Generative AI and Audiences: Revisiting UK public attitudes to AI in media
Generative AI has entered the mainstream in the UK. Our latest research for the BBC shows awareness is near universal (98%) and a majority (58%) have used GenAI tools, with one in three (35%) now using them weekly. Usage is rising fastest among older groups (a 250% increase among 55+ year-olds), and families are heavy adopters (74% have used).
Yet deeper use has brought deeper questions: people value AI’s convenience but worry about over-reliance, authenticity, and trust, especially in media.
Media matters because it shapes culture, identity and public understanding. In this context, audiences are cautious: 58% say AI in media makes them nervous, 70% prefer human-driven movies, and 78% prefer human-written online news. The emerging rule is clear: GenAI is welcome when it helps behind the scenes; it is resisted when it replaces human creativity, voice or editorial judgement.
The Impact on Media
The study suggests strong acceptance for supportive tasks for audio, such as AI-generated playlists, background music, and audio versions of written articles. However, there is clear resistance to AI-hosted podcasts, cloned presenter voices, and AI voice-over for live sports commentary, where personality, spontaneity and emotion matter.

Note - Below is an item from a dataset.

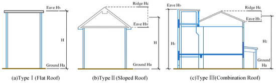 According to this code, buildings are classified into flat, sloped, and multi-type combined roofs, as illustrated in

For visual and video, there is a growing comfort with AI-enhanced production (e.g., animation, VFX) as a natural evolution of creative tools. On the other hand, we saw pushback against AI-written scripts or fully AI-generated shows, suggesting audiences believe storytelling requires lived experience and human perspective.
Importantly, in news, tolerance remains narrow and functional. AI can assist with accessibility and headlines when a journalist leads the reporting. Importantly, audiences overwhelmingly reject AI writing original news or generating editorial imagery, citing misinformation risks and the erosion of trust.
A new benchmark for responsible use
In 2025, audiences apply three linked expectations:
Value: AI should be genuinely useful and enhance discovery, access or personalisation without diluting accuracy or authenticity.
Humanity: Protect the human elements of creativity, emotional nuance and judgement. Keep human oversight visible through bylines, editorial sign-off and clear responsibility.
Trust: Be transparent about where, why and how AI is used, and who is accountable. With half of UK adults believing AI will worsen online disinformation, verification matters; 43% say they are more likely to trust AI use in news if outputs are fact-checked. While 63% look to government and independent regulators for governance, they still hold media brands directly responsible.
Discover the full report here: https://www.bbc.co.uk/mediacentre/articles/an-update-on-ai-at-the-bbc
About the research
Ipsos conducted a 10-minute online survey of 2,000 UK adults aged 16–75 (April–May 2025), alongside six in-depth online workshops with a cross-section of participants across the UK. The findings track shifting behaviours and expectations and outline where audiences now draw the line on AI in media.